STUDY MATERIAL »
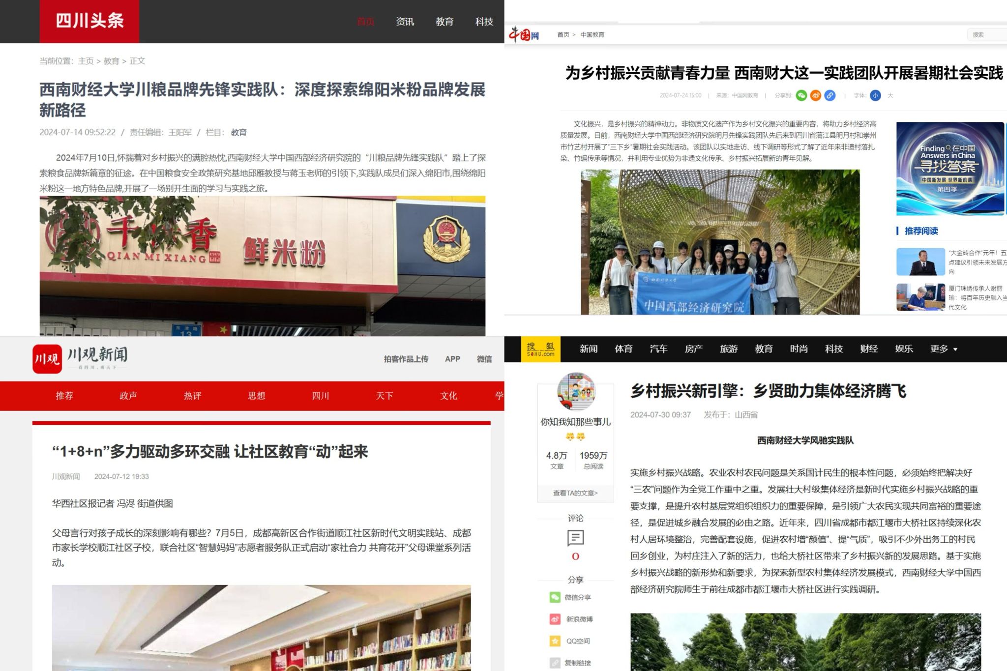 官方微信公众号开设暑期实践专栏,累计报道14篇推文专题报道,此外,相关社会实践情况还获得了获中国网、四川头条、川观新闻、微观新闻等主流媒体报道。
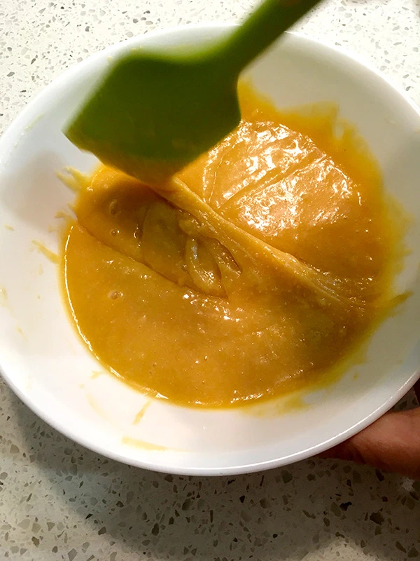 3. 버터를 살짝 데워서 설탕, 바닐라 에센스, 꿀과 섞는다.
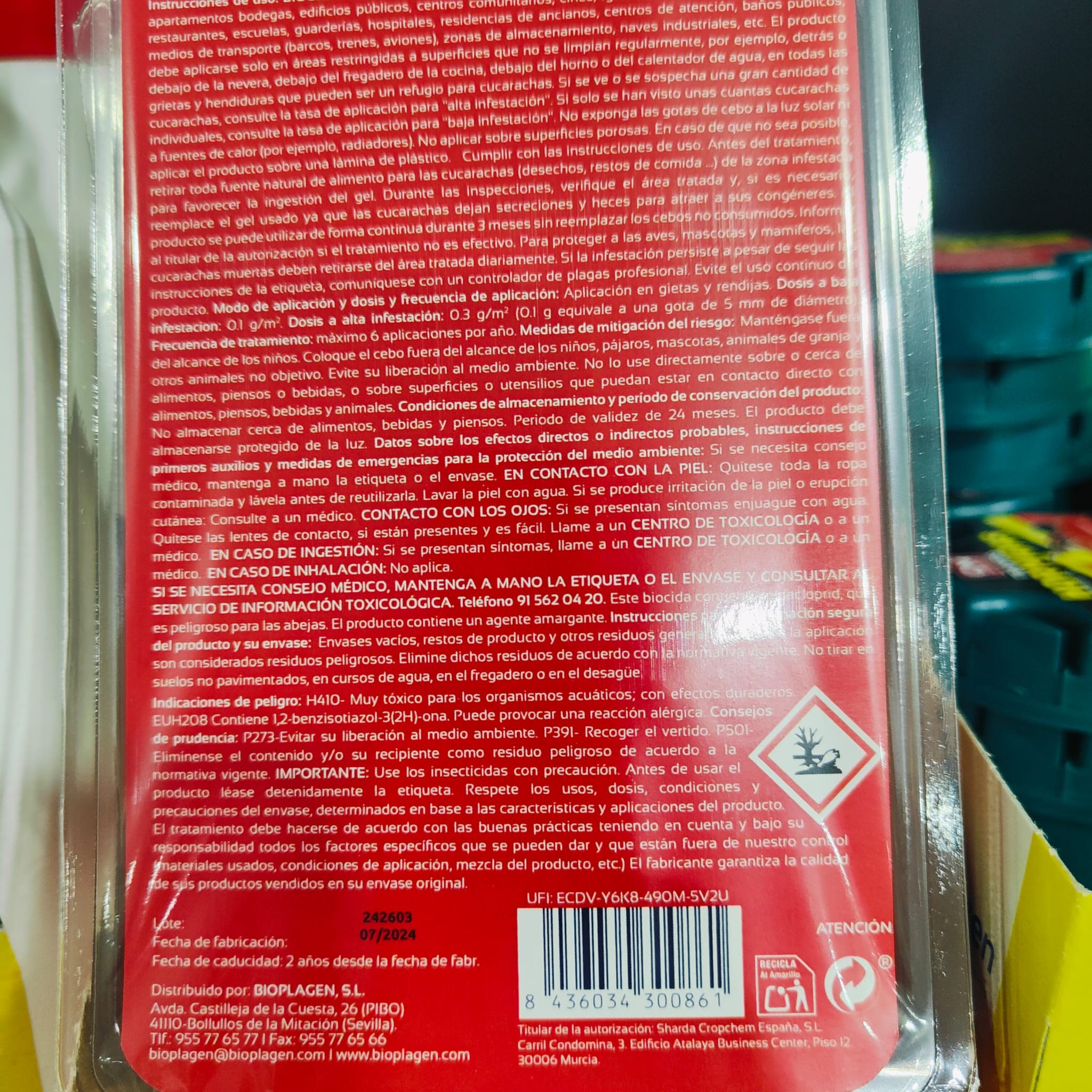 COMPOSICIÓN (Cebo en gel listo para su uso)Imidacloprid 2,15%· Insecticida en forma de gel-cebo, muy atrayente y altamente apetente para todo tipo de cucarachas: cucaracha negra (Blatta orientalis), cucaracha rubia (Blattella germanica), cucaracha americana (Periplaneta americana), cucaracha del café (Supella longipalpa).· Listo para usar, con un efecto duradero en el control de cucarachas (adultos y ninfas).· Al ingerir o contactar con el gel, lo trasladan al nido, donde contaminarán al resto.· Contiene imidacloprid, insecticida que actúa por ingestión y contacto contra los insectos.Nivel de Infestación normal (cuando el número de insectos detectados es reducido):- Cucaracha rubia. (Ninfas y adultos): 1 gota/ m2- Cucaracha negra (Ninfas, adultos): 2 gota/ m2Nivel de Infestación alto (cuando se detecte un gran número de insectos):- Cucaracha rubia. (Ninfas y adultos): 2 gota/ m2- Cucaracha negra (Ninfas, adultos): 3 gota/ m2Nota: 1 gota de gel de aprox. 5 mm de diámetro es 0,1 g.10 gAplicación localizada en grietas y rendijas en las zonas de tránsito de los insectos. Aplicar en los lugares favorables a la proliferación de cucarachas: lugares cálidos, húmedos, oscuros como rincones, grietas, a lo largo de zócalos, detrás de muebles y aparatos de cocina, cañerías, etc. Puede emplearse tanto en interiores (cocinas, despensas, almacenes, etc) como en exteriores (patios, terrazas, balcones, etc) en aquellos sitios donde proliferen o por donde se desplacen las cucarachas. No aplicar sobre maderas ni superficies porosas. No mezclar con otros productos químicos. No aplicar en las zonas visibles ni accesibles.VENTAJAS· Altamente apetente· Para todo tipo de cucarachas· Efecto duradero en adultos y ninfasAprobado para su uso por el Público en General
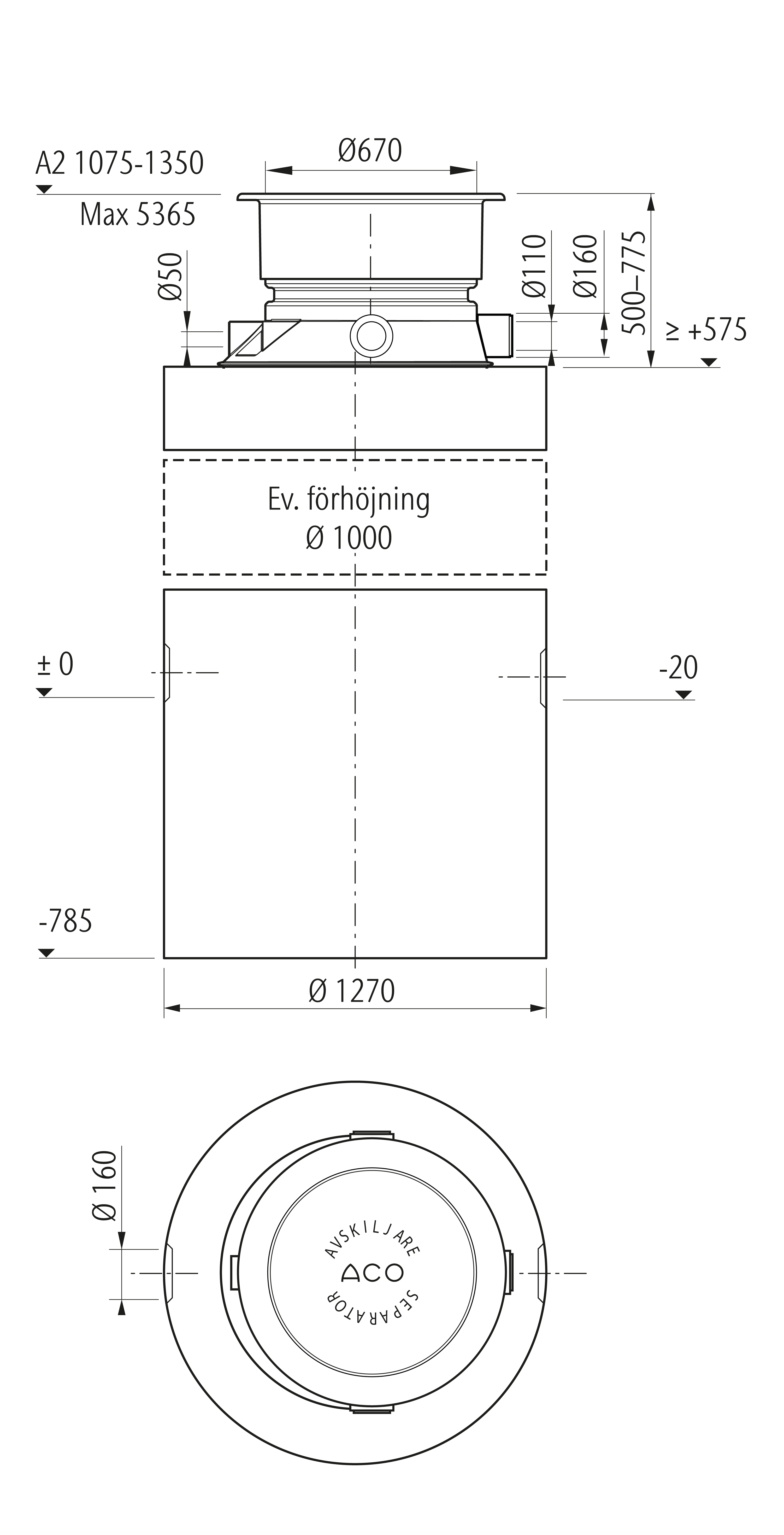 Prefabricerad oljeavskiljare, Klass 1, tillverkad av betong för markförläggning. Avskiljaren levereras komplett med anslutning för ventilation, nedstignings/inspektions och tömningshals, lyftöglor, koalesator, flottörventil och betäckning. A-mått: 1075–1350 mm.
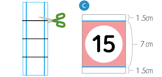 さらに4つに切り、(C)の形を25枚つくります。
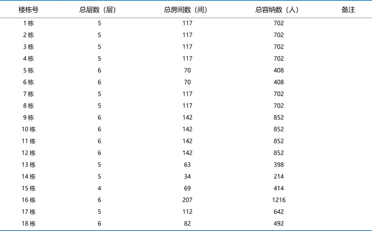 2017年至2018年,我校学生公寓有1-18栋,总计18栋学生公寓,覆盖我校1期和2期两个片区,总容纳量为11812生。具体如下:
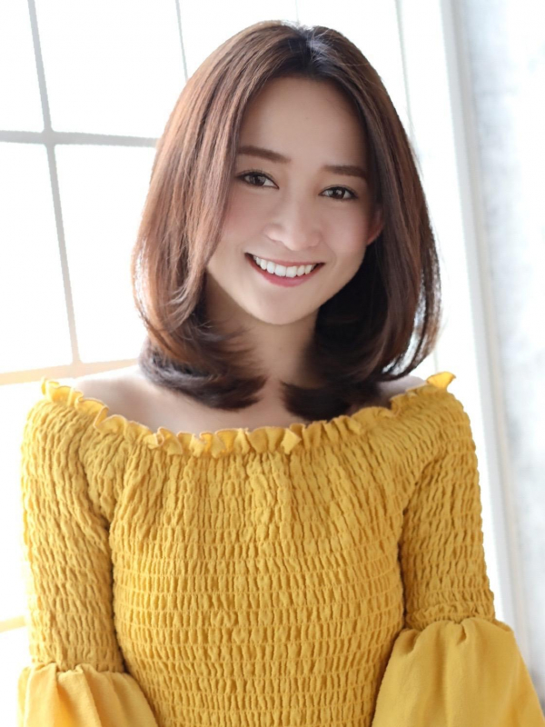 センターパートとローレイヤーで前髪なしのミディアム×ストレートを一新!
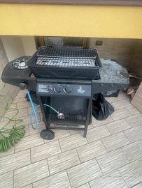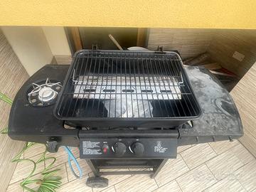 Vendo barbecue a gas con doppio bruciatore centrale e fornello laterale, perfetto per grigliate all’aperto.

EXERCISE AIM »
What is needed is a verbatim copy of the lines running from the one with "センターパートとローレイヤーで前髪なしのミディアム×ストレートを一新!" through the last line of the listing above, excluding any pictures.

REPLY »
 センターパートとローレイヤーで前髪なしのミディアム×ストレートを一新!
 Vendo barbecue a gas con doppio bruciatore centrale e fornello laterale, perfetto per grigliate all’aperto.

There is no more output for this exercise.